CVS Tobacco Sales Ban Takes Big Bite Out Of Cigarette Purchases In 13 States


The CVS tobacco sales ban put in place one year ago has taken a big bite out of the amount of cigarette packs sold in 13 states.

According to USA Today, 95 million fewer cigarette packs have been sold since the drugstore chose to stop selling tobacco. This number came from a CVS Health study released on Thursday. It compared totals sales of tobacco products from various stores in the “13 states where CVS has more than 15-percent of market share with sales in states that don’t have any CVS stores,” the report states.

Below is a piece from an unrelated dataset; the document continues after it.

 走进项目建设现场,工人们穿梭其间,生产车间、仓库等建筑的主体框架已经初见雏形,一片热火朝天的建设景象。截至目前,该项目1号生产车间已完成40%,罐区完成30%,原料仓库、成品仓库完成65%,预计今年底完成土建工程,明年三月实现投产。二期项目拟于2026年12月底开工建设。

The study was unveiled after CVS’ Health Research Institute evaluated cigarette pack purchases made at drugstores, grocery stores, mass merchandise, dollar stores, convenience stores, and gas station stores eight months after CVS halted their sales of tobacco products.

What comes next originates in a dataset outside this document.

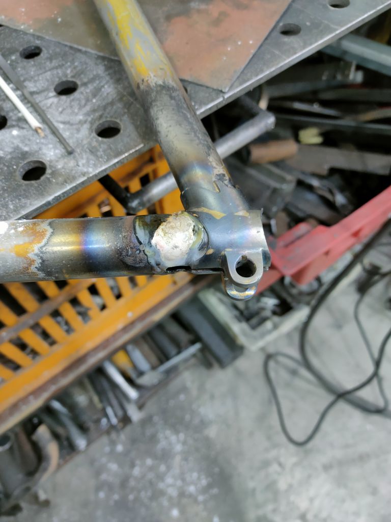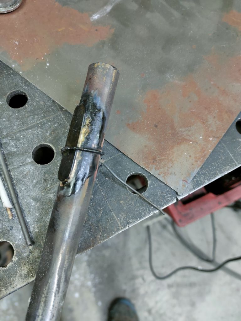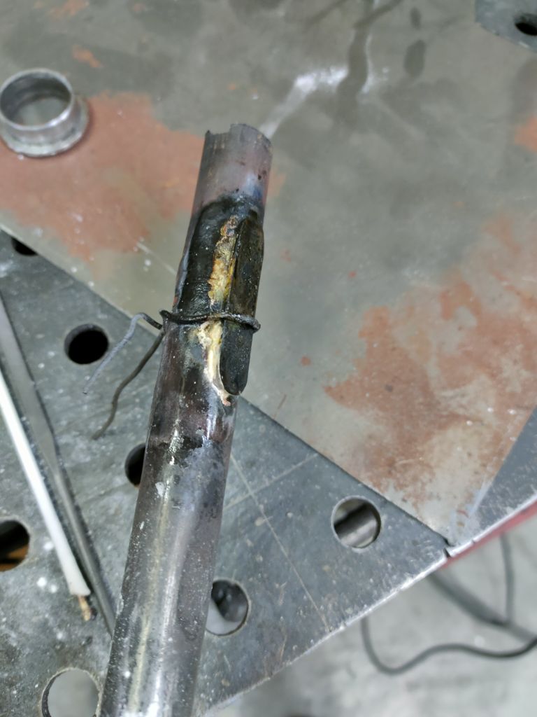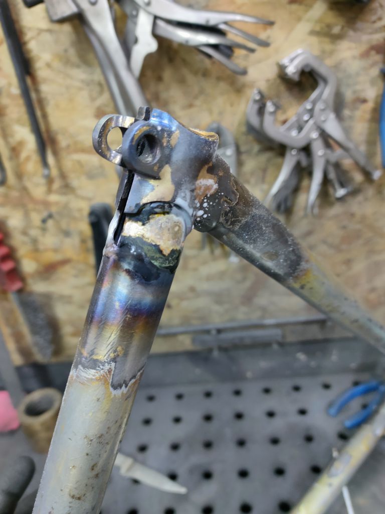 Теперь собственно что я паял. Это накладка на трубу и наплавил там где подседельный узел, галтель же хотел сделать и пару раковин залил. Интересный опыт, что то смешанное между обычный пайкой свинцово-оловянным припоем и сваркой аргоном. Ну больше всего мне это напомнило именно пайку кузовным припоем. Был и такой у меня опыт.)

In that eight months, the average smoker in those states actually purchased five fewer cigarette packs. The study concluded that about 95 million cigarette fewer packs were sold, which came to a 1 percent decrease in the number of packs sold.

Another factor discovered in the CVS tobacco sales ban study was that a 4 percent increase in nicotine patch purchases in the 13 states during that eight months. The company says that this reveals “a positive effect on attempts to quit smoking.”

Funding will come from CVS to provide a new school-based tobacco prevention curriculum through Scholastic, a known textbook company.

In spite of the CVS tobacco study, the National Center for Public Policy Research isn’t so convinced that the company should take so much credit for the reduced sales in cigarettes.

Jeff Stier from the research organization argues what the results might be indicating.

“CVS only sold a very small percentage of the nation’s cigarettes to start with, and financial analysts have said the impact of CVS’ move wouldn’t have a major impact on smoking rates. But the bold claim that its decision to stop selling cigarettes actually got a significant number of smokers to just buy the mostly ineffective nicotine patches and quit smoking, only illustrates how little the company knows about the difficulty of quitting.”

It’s noted in the report that Stier’s organization receives 1.4 percent of its financial support from the tobacco and e-cigarette industry. Troyen Brennan, a physician who acts as CVS Health’s chief medical officer, defends the study.

“We know that more than two-thirds of smokers want to quit – and that half of smokers try to quit each year. We also know that cigarette purchases are often spontaneous. And so we reasoned that removing a convenient location to buy cigarettes could decrease overall tobacco use.”

Brennan adds that the CVS tobacco sales ban implemented in 2014 “did indeed have a real public health impact.”

Fox News reports that CVS has 7,800 retail pharmacies in the U.S.